PETR中的注意力机制部分选择的是多头注意力机制，而不是之前DETR3D选择的可变行注意力机制(其实也就是特征采样)，这无疑是增加了计算量，但从另一个方面来说，确实解决了DETR3D全局特征关注不足的问题。因为多头注意力机制关注的是全局信息，而不是采样的部分特征。

2.2.1.2 代码：

    def forward(self,
                query,                  # [900,1,256]
                key=None,               # [4224,1,256]
                value=None,             # [4224,1,256]
                identity=None,          # None
                query_pos=None,         # [900,1,256]
                key_pos=None,           # [4224,1,256]
                attn_mask=None,         # None
                key_padding_mask=None,  # [1,4224]
                **kwargs):
        """Forward function for `MultiheadAttention`.
        **kwargs allow passing a more general data flow when combining
        with other operations in `transformerlayer`.
        Args:
            query (Tensor): The input query with shape [num_queries, bs,
                embed_dims] if self.batch_first is False, else
                [bs, num_queries embed_dims].
            key (Tensor): The key tensor with shape [num_keys, bs,
                embed_dims] if self.batch_first is False, else
                [bs, num_keys, embed_dims] .
                If None, the ``query`` will be used. Defaults to None.
            value (Tensor): The value tensor with same shape as `key`.
                Same in `nn.MultiheadAttention.forward`. Defaults to None.
                If None, the `key` will be used.
            identity (Tensor): This tensor, with the same shape as x,
                will be used for the identity link.
                If None, `x` will be used. Defaults to None.
            query_pos (Tensor): The positional encoding for query, with
                the same shape as `x`. If not None, it will
                be added to `x` before forward function. Defaults to None.
            key_pos (Tensor): The positional encoding for `key`, with the
                same shape as `key`. Defaults to None. If not None, it will
                be added to `key` before forward function. If None, and
                `query_pos` has the same shape as `key`, then `query_pos`
                will be used for `key_pos`. Defaults to None.
            attn_mask (Tensor): ByteTensor mask with shape [num_queries,
                num_keys]. Same in `nn.MultiheadAttention.forward`.
                Defaults to None.
            key_padding_mask (Tensor): ByteTensor with shape [bs, num_keys].
                Defaults to None.
        Returns:
            Tensor: forwarded results with shape
            [num_queries, bs, embed_dims]
            if self.batch_first is False, else
            [bs, num_queries embed_dims].
        """

        if key is None:
            key = query         #
        if value is None:
            value = key         #
        if identity is None:
            identity = query    # [900,1,256]
        if key_pos is None:
            if query_pos is not None:
                # use query_pos if key_pos is not available
                if query_pos.shape == key.shape:
                    key_pos = query_pos
                else:
                    warnings.warn(f'position encoding of key is'
                                  f'missing in {self.__class__.__name__}.')
        if query_pos is not None:
            query = query + query_pos   # [900,1,256]
        if key_pos is not None:
            key = key + key_pos         # [4224,1,256]
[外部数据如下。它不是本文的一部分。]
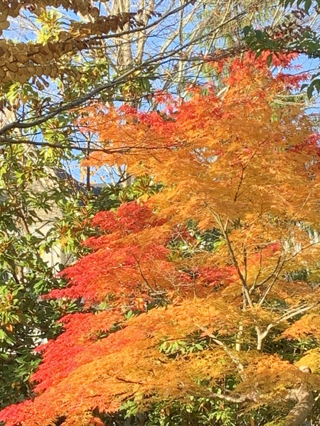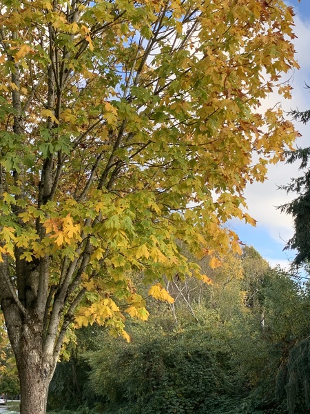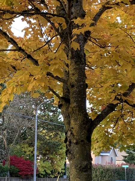 近日,氣溫明顯下降,最低溫有時來到四、五度。會變顏色的樹葉,已經開始變色了,有些葉子則掉落滿地。走在路上,看見如此繽紛亮麗的色彩,不覺取出手機拍下這美麗的瞬間。
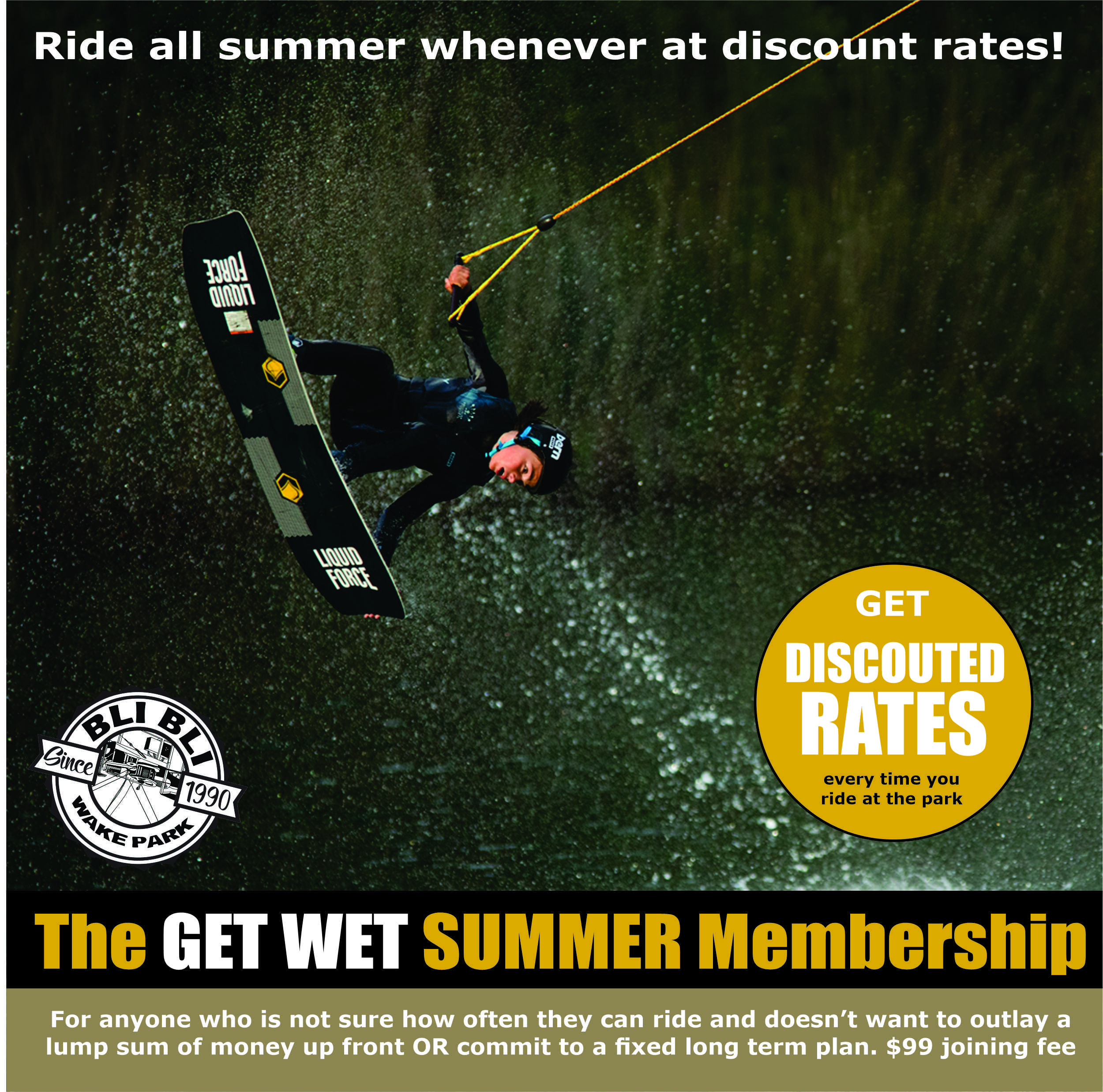 A Get Wet membership gives you a discounted price on every time you come to the cable (from joining date until April 31 each year). With a $99.00 joining, the prices you pay each visit are :
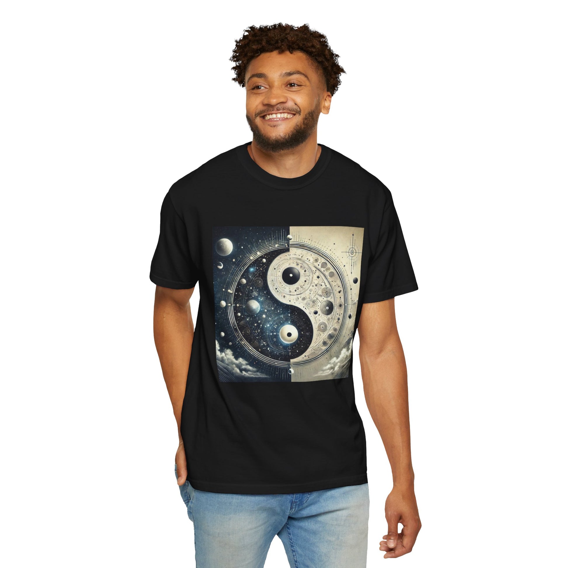 Align your energy with our Cosmic Balance Yin Yang T-Shirt, where ancient wisdom meets celestial wonder. This isn’t just apparel—it’s a wearable mandala, featuring:
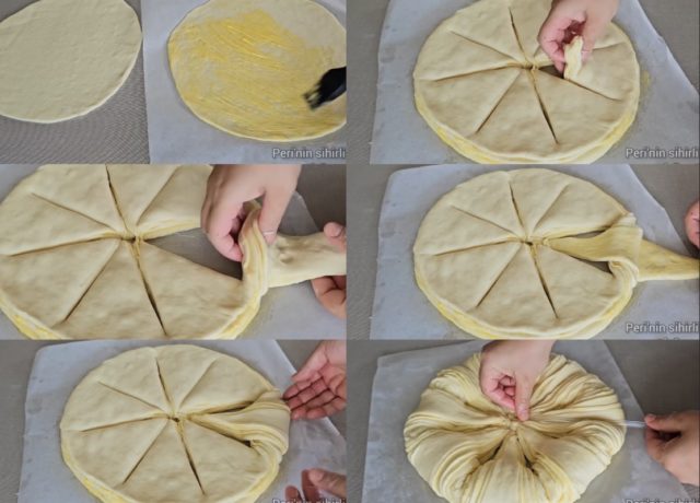 6. Откако ќе нарасне, нежно притиснете го тестото за да го ослободите вишокот воздух и поделете го на 6 еднакви делови.
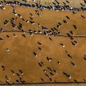 當日,云南省昆明市東川區開(kāi)展稻田摸魚(yú)、攆鴨、捉蛙等活動(dòng),在稻花香里慶豐收。
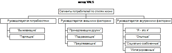 Еще одним методом сегментирования потребителей по стилю жизни является VALS (values and lifestyle – ценности и стиль жизни). По этой методике все потребители делятся на три больших сегмента (схема 1.2), которые в свою очередь имеют ряд подтипов.
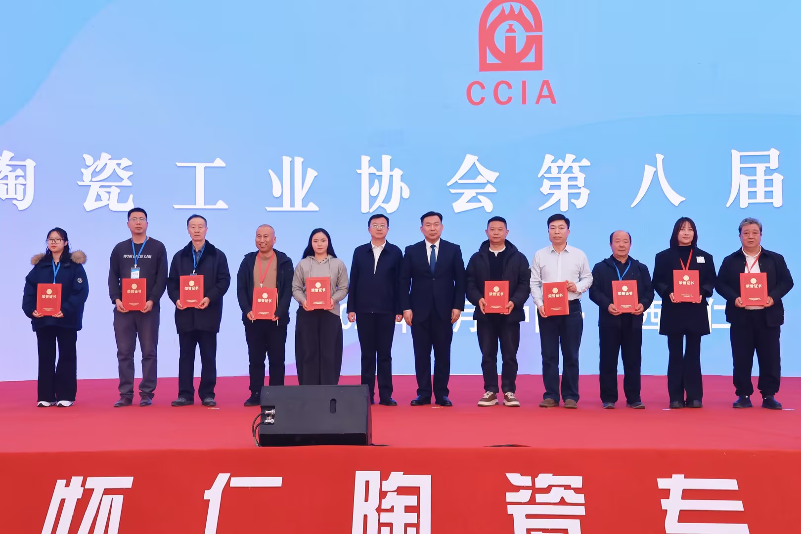 中國陶瓷工業(yè)協(xié)會劉挺理事長、懷仁市委常委、田勇副市長向部分捐贈者頒發(fā)了證書。
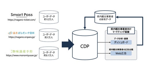 長野県観光機構が保有する各種データ(例:長野県公式観光サイト「Go NAGANO」のアクセスデータやメルマガ会員データ、「温泉ぱらだいす信州」や「物味湯産手形」などの購買データ)の統合
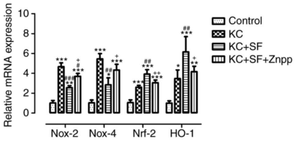 The expression levels of relevant antioxidant and oxidation genes, including Nox-2, Nox-4, Nrf-2 and HO-1, were evaluated in corneal stromal cells by RT-qPCR analysis in all experimental groups. As shown in Fig. 8, the RT-qPCR results indicated that, compared with the Control group, the mRNA expression levels of Nox-2, Nox-4, Nrf-2 and HO-1 in the KC group were significantly increased (n=3, all P<0.05), which was consistent with the results of the western blot analysis. The mRNA levels of Nox-2 and Nox-4 in the KC + SF group were decreased significantly compared with those in the KC group (n=3, Fig. 8; P<0.01). The mRNA levels of Nrf-2 and HO-1 in the KC + SF group were increased significantly compared with those in the KC group (n=3, Fig. 8; P<0.01). The mRNA levels of Nox-2 and Nox-4 in the KC + SF + ZnPP group were increased significantly compared with those in the KC+SF group (n=3 per group, Fig. 8; P<0.05). The mRNA levels of Nrf-2 and HO-1 in the KC + SF + ZnPP group were decreased significantly compared with those in the KC + SF group (n=3 per group, Fig. 8; P<0.05). SF decreased the mRNA levels of Nox-2 and Nox-4, and increased the mRNA levels of Nrf-2 and HO-1 in the KC corneas. ZnPP IX lessened the protective effect of SF on the KC corneas.
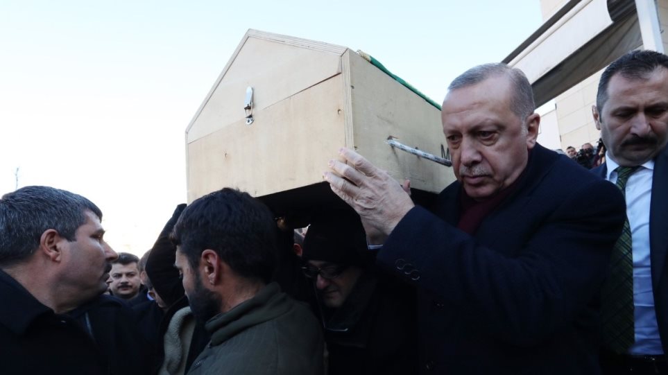 Ο πρόεδρος της Τουρκίας Ρετζέπ Ταγίπ Ερντογάν παρέστη στην κηδεία μιας μητέρας και του γιου της που έχασαν τη ζωή τους στον φονικό σεισμό των 6,8 βαθμών, στην επαρχία Ελαζίγ, στην ανατολική Τουρκία, όπου μετέβη σήμερα.
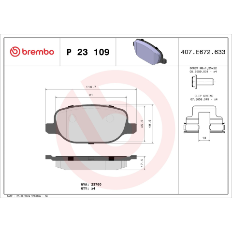 1 kép BREMBO fékbetétkészlet, tárcsafék BREMBO P 23 109
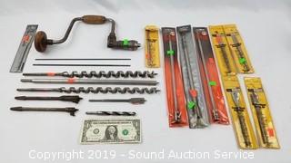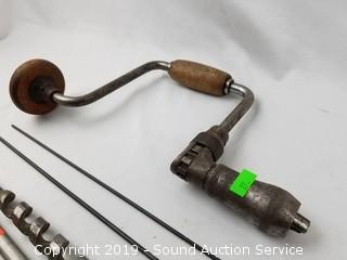 Lot #0027: Hand Auger Brace & Various Bits & Extensions
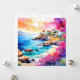 "Abgeschiedener Strand". Ein abseits gelegener Strand mit einem ruhigen blauen Meer ist von hübschen rosa und lila Blüten gerahmt. Ein ruhiger und entspannter Ort zum Nachdenken.

        # Because the dataflow('key', 'query', 'value') of
        # ``torch.nn.MultiheadAttention`` is (num_query, batch,
        # embed_dims), We should adjust the shape of dataflow from
        # batch_first (batch, num_query, embed_dims) to num_query_first
        # (num_query ,batch, embed_dims), and recover ``attn_output``
        # from num_query_first to batch_first.
        if self.batch_first:
            query = query.transpose(0, 1)
            key = key.transpose(0, 1)
            value = value.transpose(0, 1)

        out = self.attn(
            query=query,                                # [900,1,256]
            key=key,                                    # [4224,1,256]
            value=value,                                # [4224,1,256]
            attn_mask=attn_mask,                        # None
            key_padding_mask=key_padding_mask)[0]       # [1,4224]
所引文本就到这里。